Der Senat hat gemäß § 153 Abs. 4 Satz 1 Sozialgerichtsgesetz (SGG) die Berufung des Klägers durch Beschluss zurückweisen können, weil er das Rechtsmittel einstimmig für unbegründet und eine mündliche Verhandlung nicht für erforderlich gehalten hat. Die Beteiligten sind hierzu vorher gehört worden (§ 153 Abs. 4 Satz 2 SGG).

Die Berufung des Klägers, mit der er seine erstinstanzlich erhobene und statthafte Anfechtungsklage weiter verfolgt, ist nicht begründet. Der Kläger unterlag für die Zeit der Gewährung des EGZ vom 01. August 2004 bis 30. Juni 2007 der Versicherungspflicht in der gesetzlichen Rentenversicherung nach § 2 Satz 1 Nr. 10 SGB VI.

Nach der genannten, durch Artikel 4 Nr. 1 Buchstabe a.bb. des Gesetzes vom 23. Dezember 2002 - BGBl. I 4621 - mit Wirkung vom 01. Januar 2003 eingeführten Regelung unterliegen alle selbständig tätigen Personen für die Dauer des Bezugs eines Zuschusses nach § 421l SGB III der Rentenversicherungspflicht. Diese Versicherungspflicht trat ab 01. August 2004 auch dann ein, wenn die selbständige Tätigkeit nur im geringfügigen Umfang ausgeübt wird (vgl. § 5 Abs. 2 Satz 3 SGB VI in der Fassung des Gesetzes vom 21. Juli 2004 - BGBl. I S. 1791 -, in Kraft getreten am 01. August 2004). Mit der Regelung des § 5 Abs. 2 Satz 3 SGB VI hat der Gesetzgeber zum Ausdruck gebracht, dass er eine umfassende Einbeziehung aller Bezieher eines EGZ nach § 421l SGB III in die gesetzliche Rentenversicherung anstrebt. Dies hat zur Folge, dass sich diese Personen, zu denen der Kläger in dem in Rede stehenden Zeitraum zählte, auch dann nicht auf eine sich aus § 5 Abs. 2 Satz 1 Nr. 2 SGB VI ergebende Versicherungsfreiheit berufen können, wenn sie ohne den Bezug eines solchen EGZ in der jeweiligen Tätigkeit versicherungsfrei wären.

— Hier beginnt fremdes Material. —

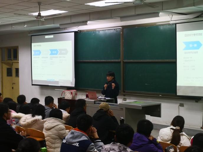 講座中,教師結合實例將學生們的熱情充分調動起來,從專業角度對英語的學習方法進行整合歸納講解。同學們積極發言,現場氣氛活躍。講座臨近結束時,學生們就他們在備考四級考試過程中碰到的困惑與問題與主講教師進行了簡單但富有成效的交流。

Durchgreifende verfassungsrechtliche Bedenken hiergegen sind nicht ersichtlich. Der Bundesgesetzgeber durfte die der Versicherungspflicht zugrunde liegende Annahme einer besonderen sozialen Schutzbedürftigkeit von Selbständigen in einer generalisierenden, typisierenden und verwaltungsmäßig leicht feststellbaren Weise davon abhängig machen, dass diese einen EGZ nach § 421l SGB III in Anspruch nehmen. Ebenso wenig ist es verfassungsrechtlich zu beanstanden, dass der Gesetzgeber aus der Gruppe versicherungspflichtiger Selbständiger einzelne Gruppen versicherungspflichtiger Selbständiger herausgelöst und diese eigenständig strukturiert hat (vgl. dazu im Einzelnen: BSG, Urteil vom 05. Juli 2006 - B 12 RA 4/05 R = SozR 4-2600 § 2 Nr. 9). Insoweit ist seine Befugnis nach Artikel 3 Abs. 1 Grundgesetz (GG) nicht eingeschränkt, an bestimmte Gruppenmerkmale anzuknüpfen. Mangels Vergleichbarkeit der jeweils betroffenen Personengruppen ist der Gesetzgeber verfassungsrechtlich auch nicht verpflichtet, die für einzelne Versicherungstatbestände gegebenenfalls normierten einschränkenden Voraussetzungen auch für andere Tatbestände zu „übernehmen“ (vgl. BSG a.a.O.).

Auch der vom Kläger geltend gemachte Verstoß gegen das rechtstaatliche Rückwirkungsverbot ist nicht ersichtlich. Denn die Versicherungspflicht für EGZ-Bezieher auch bei Vorliegen einer geringfügigen selbständigen Tätigkeit wurde nicht rückwirkend, sondern nur zukunftsgerichtet, d.h. ab 01. August 2004, vom Gesetzgeber eingeführt.

Da der Kläger nach seinem eigenen Vorbringen in der Zeit vom 01. August 2004 bis 28. Februar 2005 kein positives Arbeitseinkommen erzielt hat, hat die Beklagte die von ihm zu entrichtenden Beiträge zutreffend in Anwendung von § 165 Abs. 1 Satz 2 SGB VI in Höhe des halben Regelbeitrages ermittelt (Mindestbeitragsbemessungsgrundlage).

Die Kostenentscheidung beruht auf § 193 SGG.

Gründe für eine Zulassung der Revision nach § 160 Abs. 2 Nrn. 1 oder 2 SGG liegen nicht vor.